The reason Ethereum uses identical data structure for two different objectives is to share identical implementations. However, since the objective is different, the optimized code to create a Transaction Trie or a Receipts Trie is different from code that creates a State Trie or a Storage Trie. In reality, Parity uses different code for each objective. If that’s the case, then wouldn’t there be no reason to use identical Trie for a Transaction Trie or a Receipts Trie?

This kind of consideration is reflected upon when looking at CodeChain’s transactions_root and invoices_root, which is being developed at KodeBox. Thus, we decided to take a different approach from a Merkle Patricia Trie that stores UTXO. Then what kind of properties would transactions_root and invoices_root need?

The minimum requirement would be that it needs to verify data. This verification should not simply verify data sets but also check whether data order is in agreement. This is what you need in a typical blockchain, including Ethereum. In CodeChain, there are additional incorporated requirements.

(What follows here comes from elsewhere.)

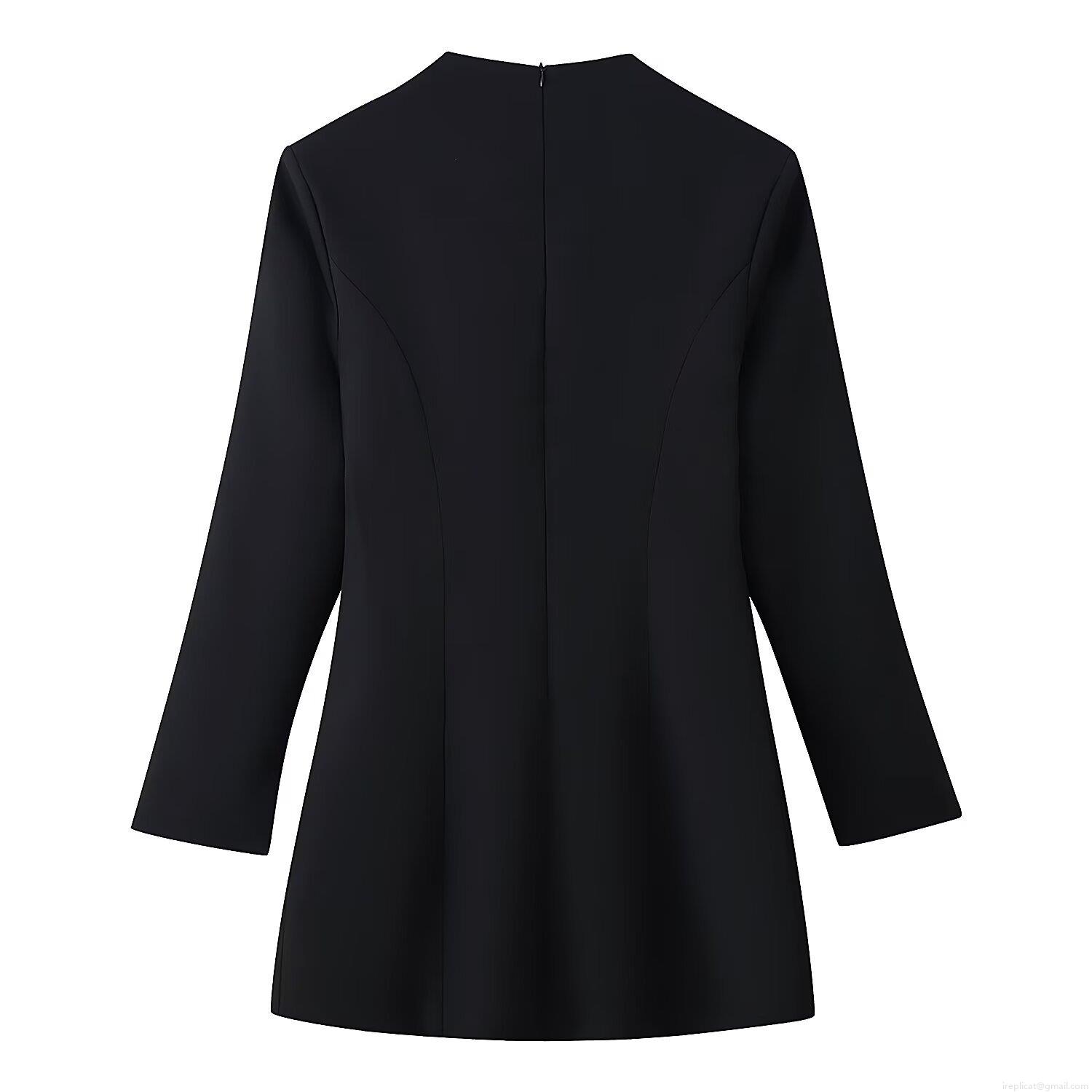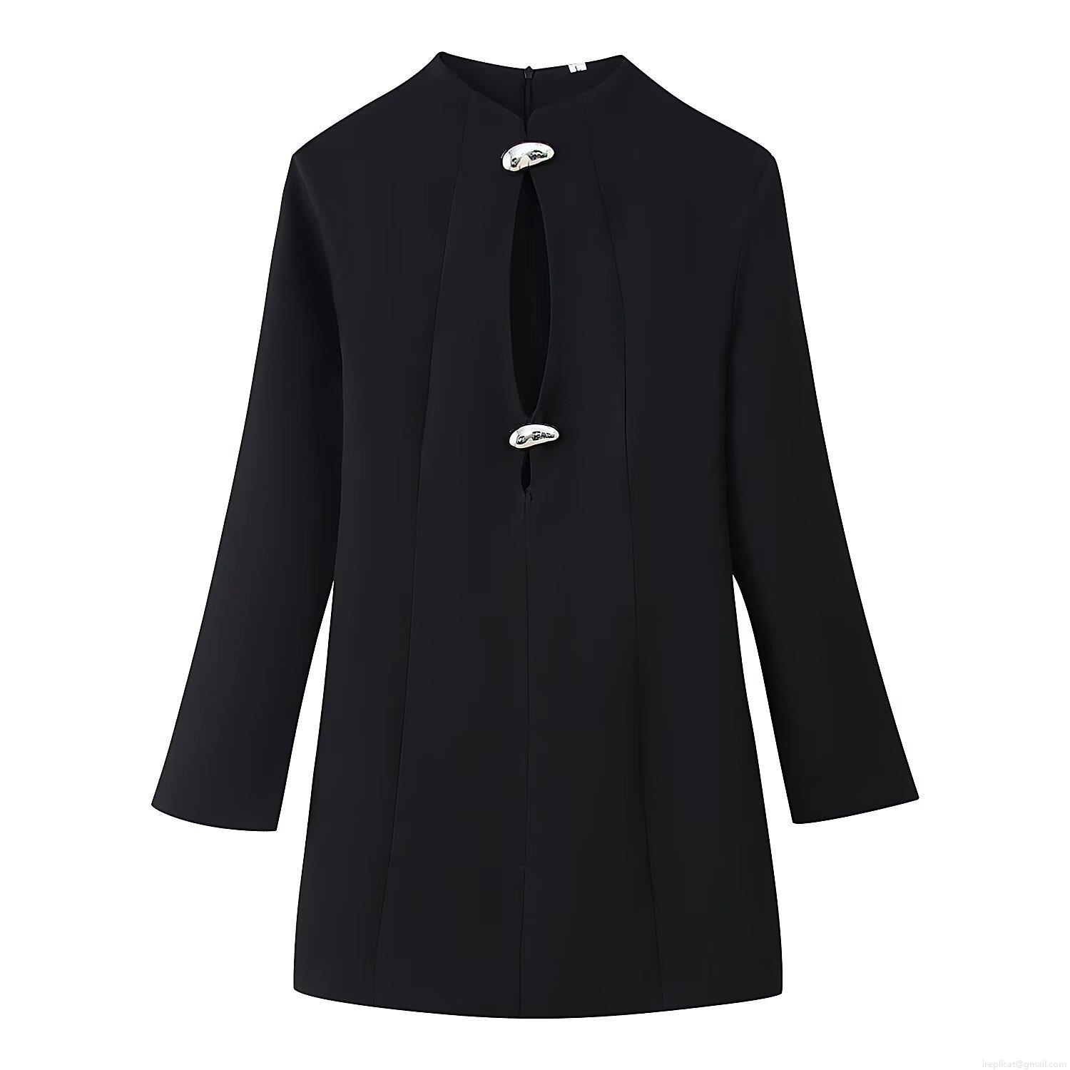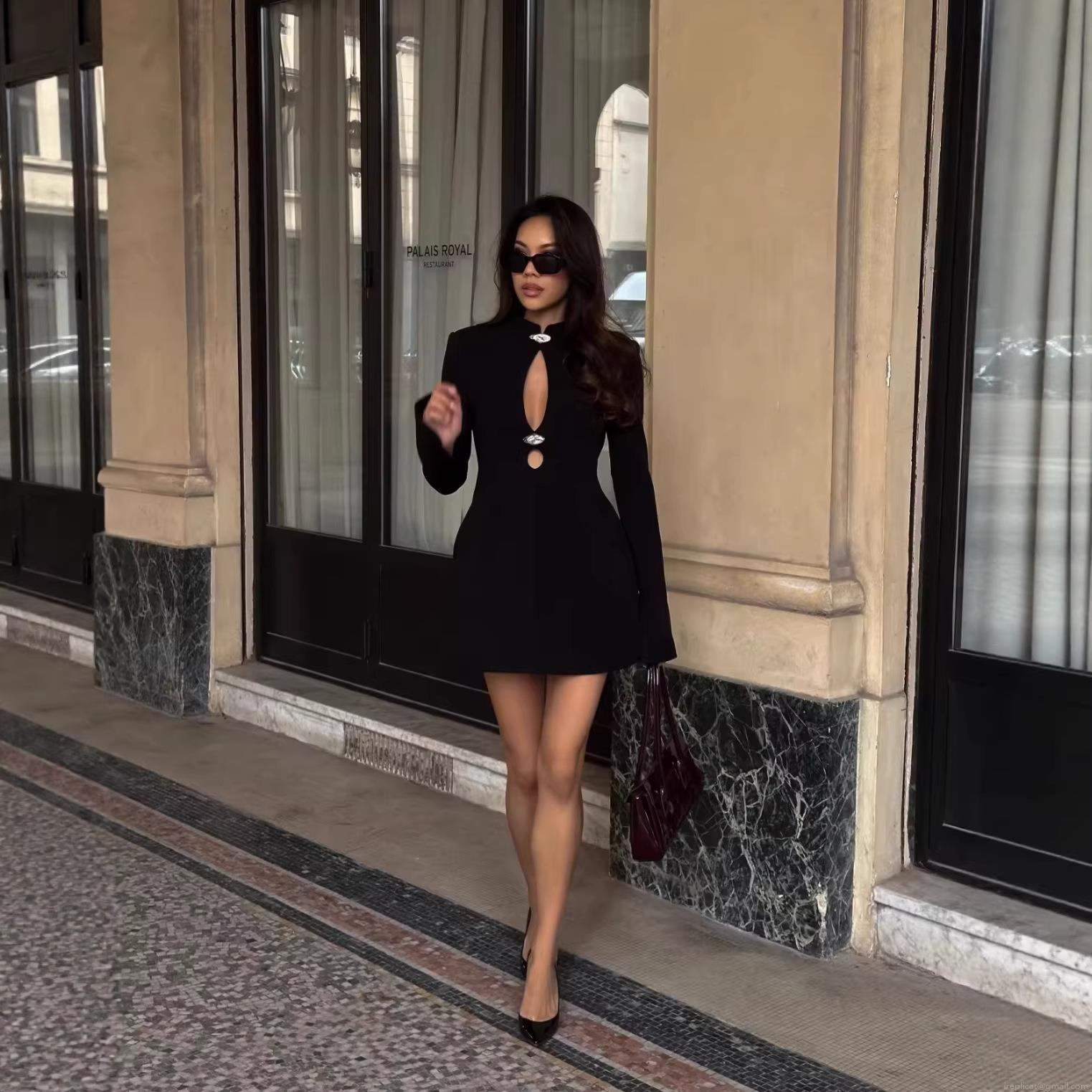 • Women Elegant Polyester Long Sleeve Mini Dress Slim Fit Hollow Out Stand Collar Evening Party Dress With Silver Metal Buckles

Firstly, implementation should be simple. By simple, it means that not only the code has to be simple, but it should also require less memory usage and less time to execute. All of this is mentioned because CodeChain is keeping light clients into consideration.

Next, transactions should be entirely verifiable. This property only exists in CodeChain, and not in any other existing blockchain technology. In order for CodeChain to synchronize, it uses a technique called Snapshot Sync. Snapshot Sync is a way to ensure that only one reliable header is required for a block to synchronize as if it has received the entire history. For this, all transactions must be verifiable with only a single header.

Lastly, it must be incremental. Since CodeChain’s transactions_root must be able to verify the entire transaction list, if it’s not incremental, then as blocks stack on and on, it would require a longer time to verify. In order to prevent this delay, the incremental property is crucial.

In order to satisfy these conditions, Ethereum’s Merkle Patricia Trie was the first to be excluded. This can make the entire data incremental, but the overhead of constructing the Trie was too large.

Then we considered the traditional Merkle Tree. However, this did not satisfy the requirement that the overhead should be small. It also did not satisfy the incremental property.

Thus, we decided to use the Skewed Merkle Tree which leans toward the left. In a Skewed Merkle Tree, you can create a new tree using the transactions of the current block on the root of the entire block, and quickly and lightly create a hash that contains a list of all transactions executed so far. That is, you can make the entire transaction list incremental, and the time and memory it takes to create is linearly proportional to the number of transactions. Furthermore, since we are only interested in root values for verification, we can optimize the used memory to use an amount times n(where n is a constant number).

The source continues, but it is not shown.